§ Description of the task: After locating the line containing "HS-401G7 Hammer with telescopic handle" in the entries below, please write out that line and the rest through the end exactly. Omit pictures.

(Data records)

======

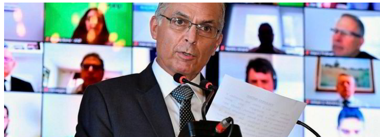
How giant hydrocarbon discoveries in Namibia are shaping latest bidding round in Brazil
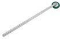
HS-401G7 Hammer with telescopic handle
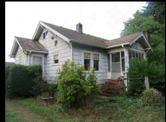
Harris-Ames Farmstead, Olympia – 1931
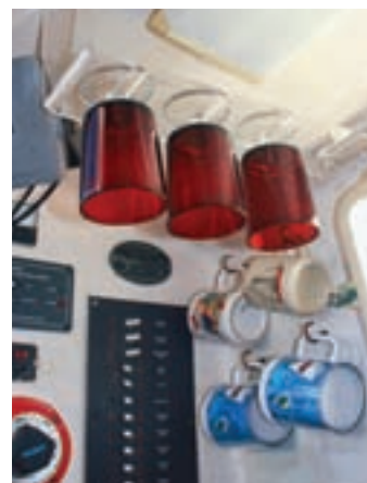
The trash container and liners occupy spaces under the companionway steps, at left. Hooks and acrylic racks hold mugs and glasses, at right.

My 12 VDC to 120 VAC inverter is able to run the microwave and my large hand tools, but I nevertheless run the engine for the short periods when the microwave is in use to support the battery load. I also have a small crockpot that plugs into Nikki's AC system and is powered by the inverter or dockside connection.

======

§ Your solution:
HS-401G7 Hammer with telescopic handle
Harris-Ames Farmstead, Olympia – 1931
The trash container and liners occupy spaces under the companionway steps, at left. Hooks and acrylic racks hold mugs and glasses, at right.

My 12 VDC to 120 VAC inverter is able to run the microwave and my large hand tools, but I nevertheless run the engine for the short periods when the microwave is in use to support the battery load. I also have a small crockpot that plugs into Nikki's AC system and is powered by the inverter or dockside connection.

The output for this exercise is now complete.